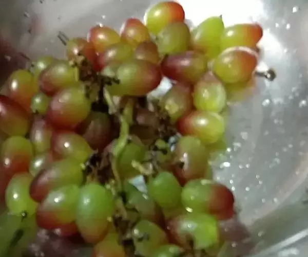 提子 穗形呈倒梯形,去除副穗,果粒较拥挤时,疏去部分果粒。
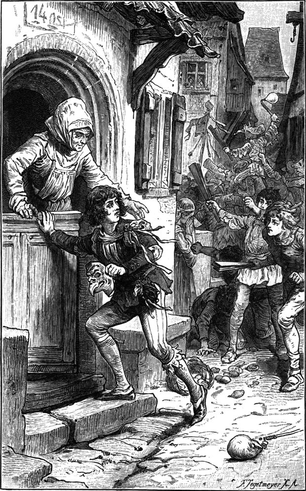 In das Patrizierhaus führte ein breiter Thorweg, der nicht nur für Menschen, sondern auch für Wagen und Pferde zum Eingang diente; die kleinen tiefliegenden Fenster zu beiden Seiten waren mit Eisenstäben vergittert und gaben dem Gebäude das Ansehen einer wohlverwahrten Festung. Wer durch das Thor eintrat, befand sich in einem gepflasterten, nach hinten geöffneten Hausflur, aus dem zu beiden Seiten Stufen zu den Schreibstuben und Warenräumen emporführten; geradeaus aber kam man in einen großen Hof, an dessen einem Ende leere Fässer und Kisten aufgespeichert lagen, während an dem andern ein[S. 19] uralter Nußbaum emporragte. Der hatte wohl schon seit zweihundert Jahren dort gestanden, und wie er sich aus einer schlanken Gerte allmählich zu einem mächtigen Stamm entwickelt hatte, so war auch das Haus ringsumher gewachsen und die Familien, die darin gewohnt, hatten zugenommen an Reichtum und Bedeutung. Er war ein treuer Freund aller Bewohner gewesen, der alte Nußbaum; den Kindern diente er als unschätzbarer Helfer bei ihren Spielen, beim Klettern und Verstecken; den Mädchen ließ er im Frühling seine raupenartigen Blüten neckend in den Schoß fallen, den Knaben warf er im Herbst seine Früchte an den Kopf, den Hausfrauen aber schenkte er seine wohlriechenden Blätter, die, mit Lavendel vermischt, die geschnitzten Schränke und mächtigen Truhen mit einem gar lieblichen Geruch erfüllten. Wenn kosende Frühlingslüftchen mit den Zweigen spielten, dann klopften diese wohl leise an die Fenster, wie gute Bekannte, die um Einlaß bitten; wenn aber in Herbst- und Winternächten der Sturm heulte, dann peitschte er die Äste gegen die Mauern, daß die Schläfer drinnen die Köpfe tiefer unter die Decken steckten, weil es klang, als zögen böse Geister über den Hof.
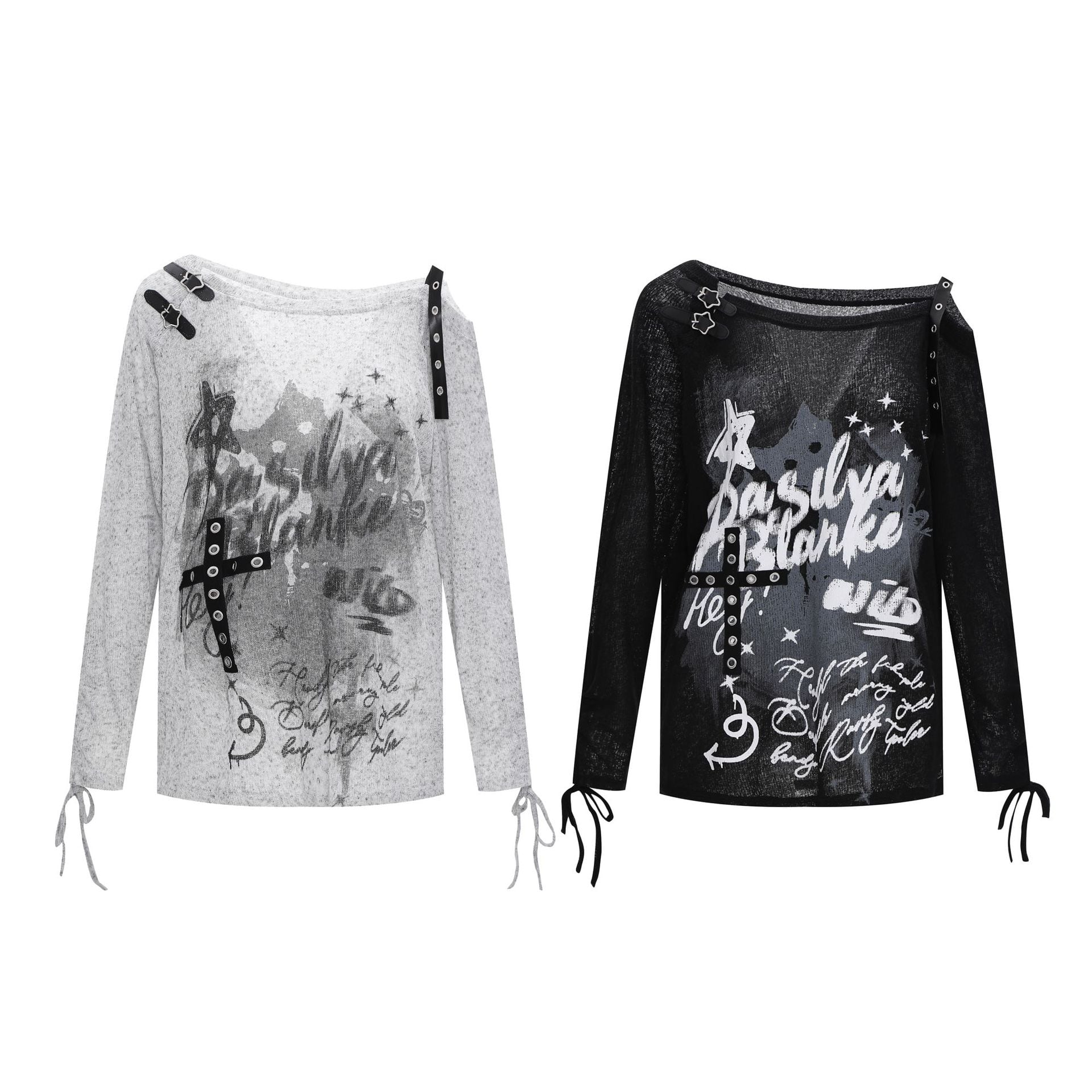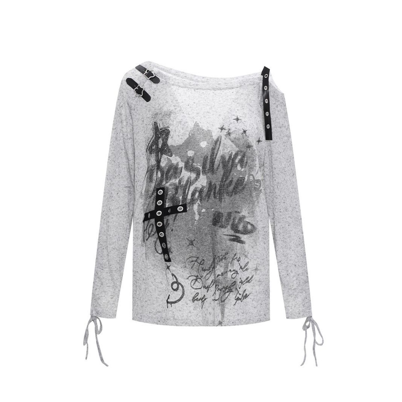 パンク系感満載なロングシャツ!肩のベルトの装飾が可愛い!
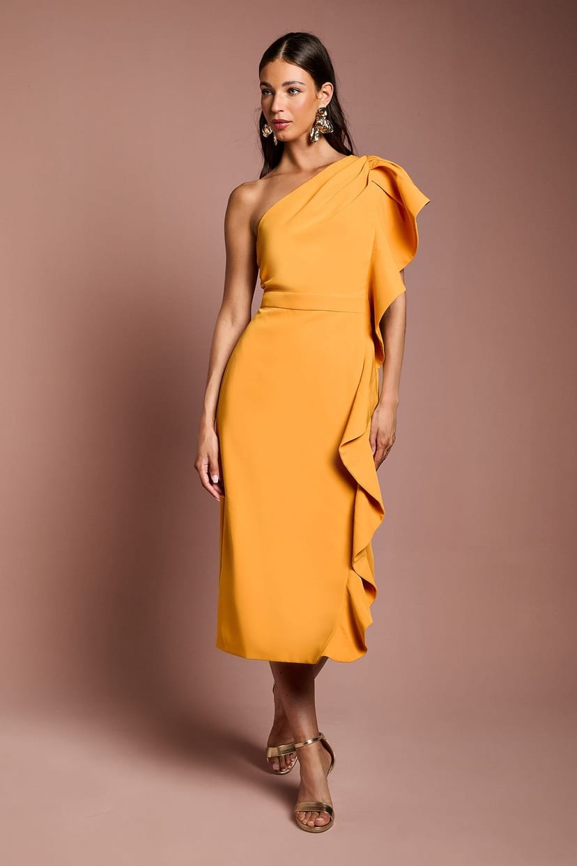 The Coast Orange One Shoulder Ruffle Crepe Midi Dress is ideal for evening, party, date-night.

━━━━━━━━━━━━━━━━

• **ACTION ITEM**: Every line of the listing above is to be set down verbatim, without the pictures.

• **OUTPUT FOR THIS EXERCISE**:
 提子 穗形呈倒梯形,去除副穗,果粒较拥挤时,疏去部分果粒。
 In das Patrizierhaus führte ein breiter Thorweg, der nicht nur für Menschen, sondern auch für Wagen und Pferde zum Eingang diente; die kleinen tiefliegenden Fenster zu beiden Seiten waren mit Eisenstäben vergittert und gaben dem Gebäude das Ansehen einer wohlverwahrten Festung. Wer durch das Thor eintrat, befand sich in einem gepflasterten, nach hinten geöffneten Hausflur, aus dem zu beiden Seiten Stufen zu den Schreibstuben und Warenräumen emporführten; geradeaus aber kam man in einen großen Hof, an dessen einem Ende leere Fässer und Kisten aufgespeichert lagen, während an dem andern ein[S. 19] uralter Nußbaum emporragte. Der hatte wohl schon seit zweihundert Jahren dort gestanden, und wie er sich aus einer schlanken Gerte allmählich zu einem mächtigen Stamm entwickelt hatte, so war auch das Haus ringsumher gewachsen und die Familien, die darin gewohnt, hatten zugenommen an Reichtum und Bedeutung. Er war ein treuer Freund aller Bewohner gewesen, der alte Nußbaum; den Kindern diente er als unschätzbarer Helfer bei ihren Spielen, beim Klettern und Verstecken; den Mädchen ließ er im Frühling seine raupenartigen Blüten neckend in den Schoß fallen, den Knaben warf er im Herbst seine Früchte an den Kopf, den Hausfrauen aber schenkte er seine wohlriechenden Blätter, die, mit Lavendel vermischt, die geschnitzten Schränke und mächtigen Truhen mit einem gar lieblichen Geruch erfüllten. Wenn kosende Frühlingslüftchen mit den Zweigen spielten, dann klopften diese wohl leise an die Fenster, wie gute Bekannte, die um Einlaß bitten; wenn aber in Herbst- und Winternächten der Sturm heulte, dann peitschte er die Äste gegen die Mauern, daß die Schläfer drinnen die Köpfe tiefer unter die Decken steckten, weil es klang, als zögen böse Geister über den Hof.
 パンク系感満載なロングシャツ!肩のベルトの装飾が可愛い!
 The Coast Orange One Shoulder Ruffle Crepe Midi Dress is ideal for evening, party, date-night.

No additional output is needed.